BEGIN

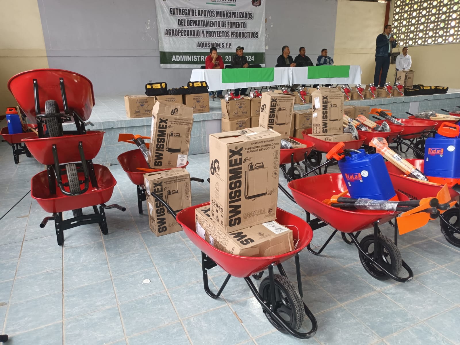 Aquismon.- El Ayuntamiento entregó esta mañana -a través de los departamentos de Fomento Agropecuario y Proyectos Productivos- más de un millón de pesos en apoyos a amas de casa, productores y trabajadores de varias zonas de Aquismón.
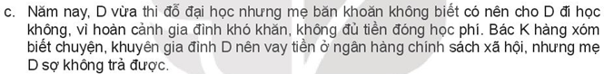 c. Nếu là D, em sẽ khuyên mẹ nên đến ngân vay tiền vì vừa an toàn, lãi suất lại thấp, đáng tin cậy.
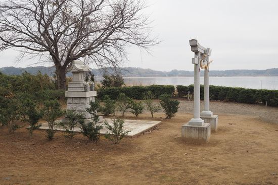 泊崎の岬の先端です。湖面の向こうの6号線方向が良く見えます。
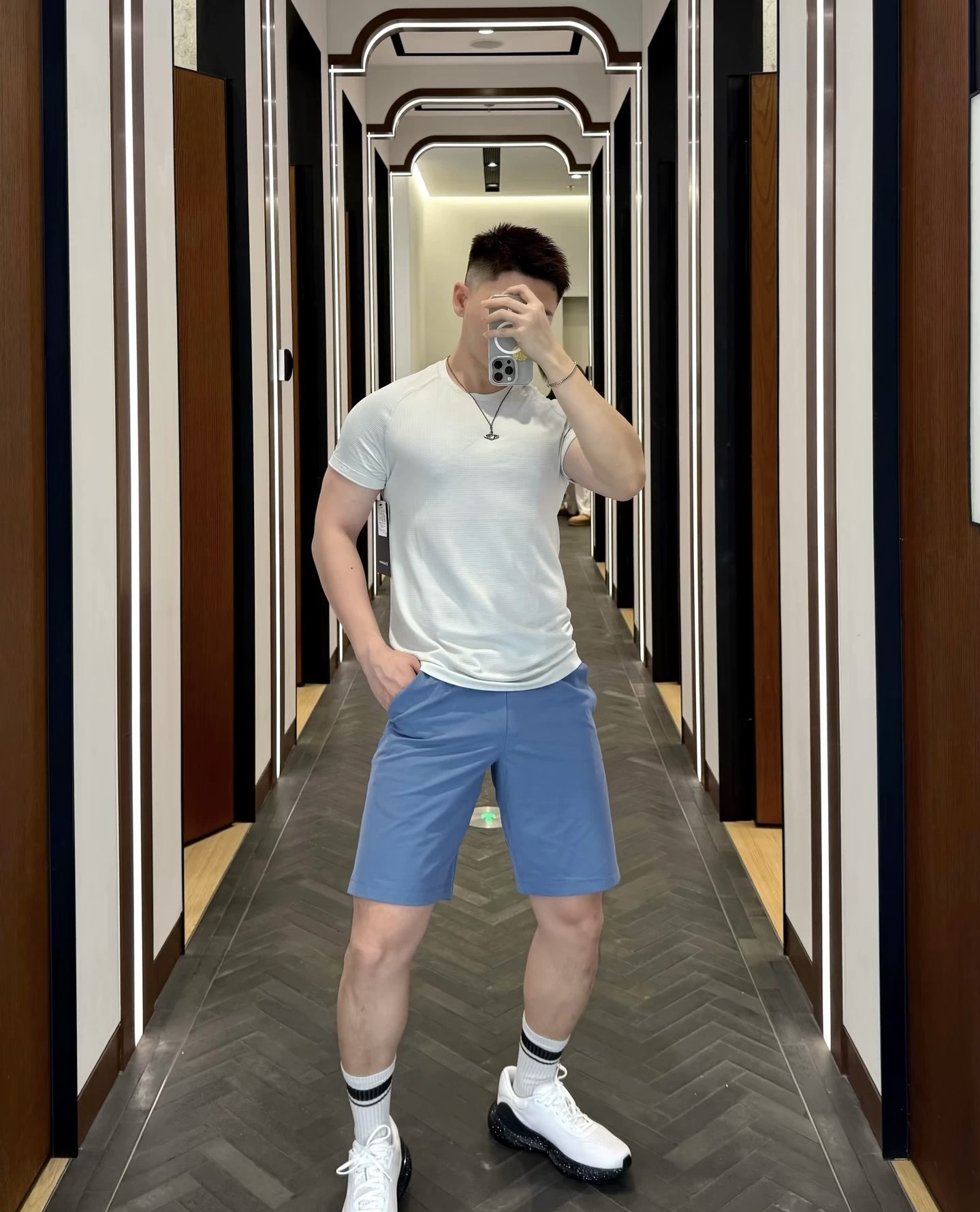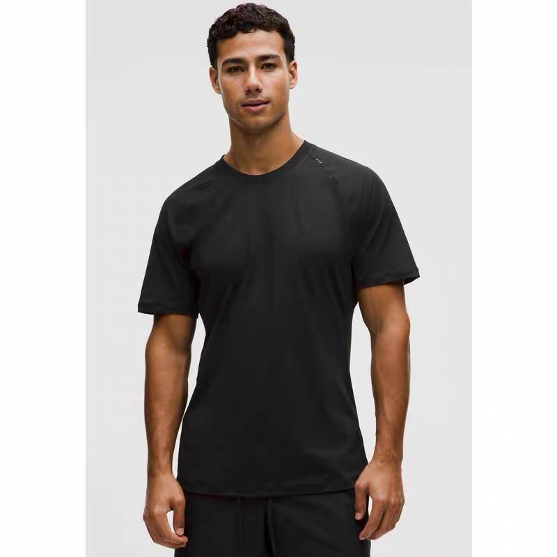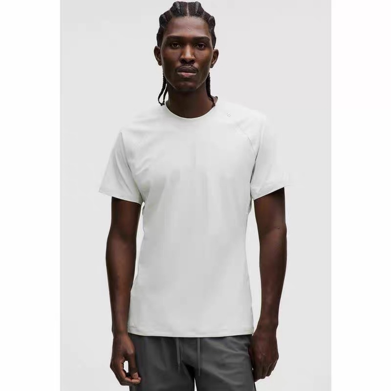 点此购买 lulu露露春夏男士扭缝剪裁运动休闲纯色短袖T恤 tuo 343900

END

Exercise objective: I would like the material above returned exactly as it stands, without its pictures.

Task answer:
 Aquismon.- El Ayuntamiento entregó esta mañana -a través de los departamentos de Fomento Agropecuario y Proyectos Productivos- más de un millón de pesos en apoyos a amas de casa, productores y trabajadores de varias zonas de Aquismón.
 c. Nếu là D, em sẽ khuyên mẹ nên đến ngân vay tiền vì vừa an toàn, lãi suất lại thấp, đáng tin cậy.
 泊崎の岬の先端です。湖面の向こうの6号線方向が良く見えます。
 点此购买 lulu露露春夏男士扭缝剪裁运动休闲纯色短袖T恤 tuo 343900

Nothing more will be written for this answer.